Published 16 August, 2016; last updated 08 October, 2017
There are many current efforts to mitigate risks from artificial intelligence. We might learn something about the likelihood of these efforts influencing AI risk by looking at similar past efforts.
To this end, we are interested here in past risk mitigation efforts that have the following characteristics (taken from this paper contributing to the same project (p5) and motivated by this discussion and others surrounding it):
These features are relevant because it has been suggested that AI safety efforts have them, and very few successful efforts have them, perhaps suggesting that AI safety efforts will not be successful. If it is true that there are few successful risk mitigation efforts with these characteristics, we want to know if few such efforts are made, or if they tend to fail. If the latter, this may indeed justify pessimism about the AI safety project.
So, for plausible efforts, we want to know:
For now, this page addresses the first question, for cases we have found which fit the reference class relatively well.
Leó Szilárd’s secret nuclear patent
Leó Szilárd patented the nuclear chain reaction and anticipated its use in explosives by 1934.1 He offered the patent to the British War Office to be kept secret, and had them accept it by 1936.2
Katja Grace investigated the relevance of several of Leó Szilárd’s efforts to avert nuclear risks in Leó Szilárd and the Danger of Nuclear Weapons: A Case Study in Risk Mitigation (2015).
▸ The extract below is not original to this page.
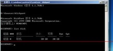 3、接着输入“list disk”回车确定,可以查看到磁盘信息。

In summary from that report, the threat of nuclear weapons was fairly novel. Nuclear danger was probably expected to strike fairly abruptly in the future with little opportunity for feedback and learning. Other scientists were mostly disinterested in the concern for at least five years, in part because of the perceived speculativeness of the physics (not even fission had been discovered), but also the complications involved in the physics leading to weapons to be used in a near time war. It’s unclear how soon Szilárd expected such weapons, but quite plausibly at least fifteen years later (it turned out to be about eleven, between 1934 and 1945). The secret patent does not seem broadly useful, though useful for encouraging more local nuclear research, which is more broadly useful than secrecy per se. In sum, this seems like a reasonably good example.
Leó Szilárd’s other nuclear secrecy efforts
In 1939 and 1940 Leo Szilárd was instrumental in pushing for secrecy of nuclear research findings, to prevent them reaching Germany and contributing to German weapons efforts.3
Most of the details in the above example (‘Leó Szilárd’s secret nuclear patent’) apply here also, because the problem is the same. The solution occurred later, so was somewhat less likely to have been fifteen years before the problem was anticipated, though plausibly still was. The solution was probably less broadly useful than the secret patent (making this a better example) because secrecy efforts mostly function to slow foreign research, whereas the secret patent was arguably intended to speed local research (which has broader uses).
The Einstein-Szilárd letter
Leó Szilárd and Albert Einstein wrote to president Roosevelt in 1939, warning him that Germany might make atomic bombs, and suggesting that America pursue such weapons. Wikipedia discusses the event in more detail, including a copy of the letter.
Most of the details in the above examples, detailed under ‘Leó Szilárd’s secret nuclear patent’, apply here also, because the problem is the same. The letter was written in 1939, only six years before the first nuclear bomb, though it is unclear how soon Einstein and Szilárd anticipated a bomb at that time. Writing a letter was intended to speed local nuclear research, which has somewhat broad applicability.
The World Set Free
The World Set Free is a book published in 1914 by H. G. Wells. It describes a world with nuclear weapons, so may have been intended to warn about the prospect of this.
The first nuclear weapons were used in 1945, and neutrons were not discovered until 1932.4 So the prospect of nuclear weapons was extremely speculative, and not accepted by most scientists (those things were still true in 1934—for details see ‘Leó Szilárd’s secret nuclear patent’, above). Indeed, the weapons imagined by Wells are indeed quite different from real nuclear weapons—each one is small, but burns indefinitely, making past war zones uninhabitable. Our guess is that the book was also probably published many decades earlier than the time when Wells anticipated such a risk in the real world.
Nuclear weapons were novel, and Wells could arguably not receive a lot of feedback about his influence on their outcome.
The main way in which this fails as an example is that writing a fiction book is not a very specifically directed solution. In particular, writing books is often valuable enough for its own sake that people do it without attempting to have any effect on the outside world. For this reason, it is not even clear to us whether Wells wrote this book in order to improve the problem, or merely to comment on it or use it for other political purposes.
We think this is a moderately good example.